Just got back from Spirit. I really wanted the creepy crawly guy (with my 20% off) since I got the girl last year. He's not as scary as she is but he does have a way better sensor. He goes off with the slightest movement. The store itself wasn't wonderful. Props were set up, some working though most were not. I asked the cashier if that was all they were getting. He said another truck is coming tomorrow. They are in an old Circuit City store so everything is spread out. I also got 2 of those fake lantern lights(they let me use another 20% off I had from signing up hubby). I will go back probably once a week for ideas and small stuff. Hopefully they'll build up more inventory. There were tons of costumes also. My daughter couldn't believe how many there were. And I did see quite a few items from last year. Overall not horrilbe but not fantastic either.


----------



## creepy crawler (Jul 31, 2008)

hannibal said:


> Just got back from Spirit. I really wanted the creepy crawly guy (with my 20% off)

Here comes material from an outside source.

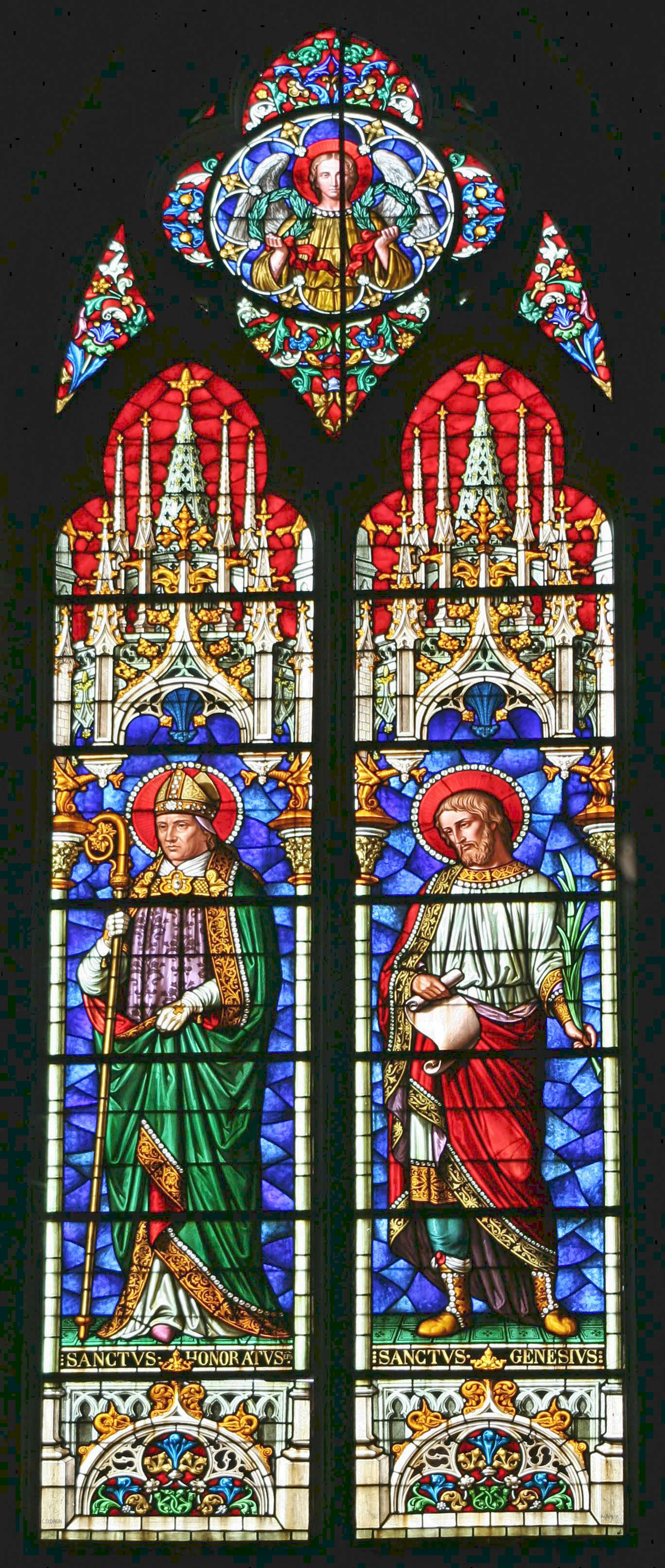 Genesius of Arles (right) portrayed in a stained glass window. On the left is Saint Honoratus. Church of St. Trophime, Arles.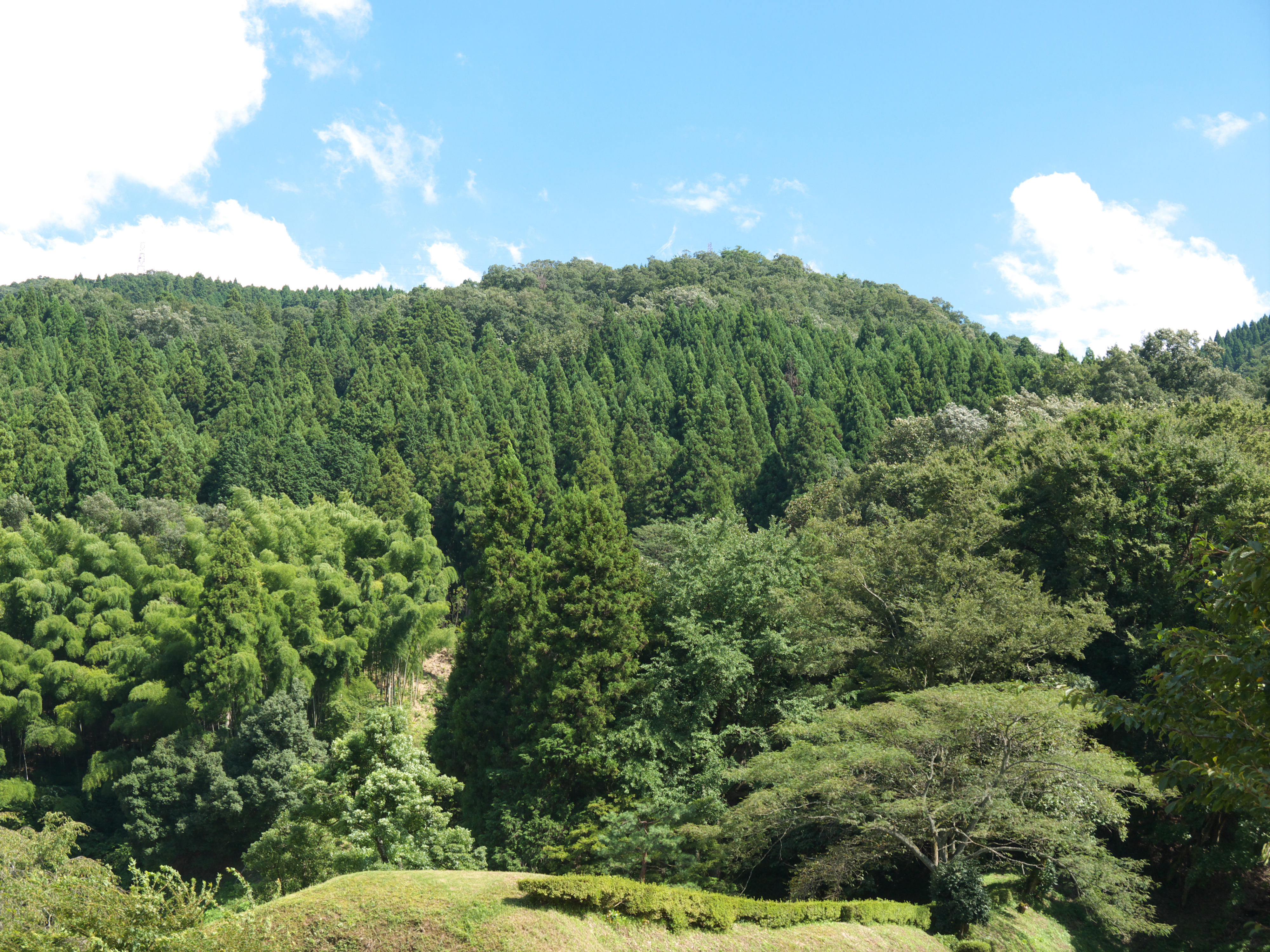 Mount Ichijoshiro (Ichijoshiroyama) in summer

Where did you get the 20% off coupons? some one told me that this was a no go for this year.


----------



## hannibal (Oct 19, 2008)

creepy crawler said:


> Where did you get the 20% off coupons? some one told me that this was a no go for this year.




I signed up for the star wars contest or whatever it was on spirits website. Then I signed up my daughter and my husband. Today when I opened my email there was another 20% off directly from spirit(I think that one is for signing up for emails at the store last year). If you want I can email you the coupon. I read that post where the expiration date was 08 instead of 09 but mine were for 09.


----------



## Tumblindice (Aug 19, 2008)

creepy crawler said:


> Where did you get the 20% off coupons? some one told me that this was a no go for this year.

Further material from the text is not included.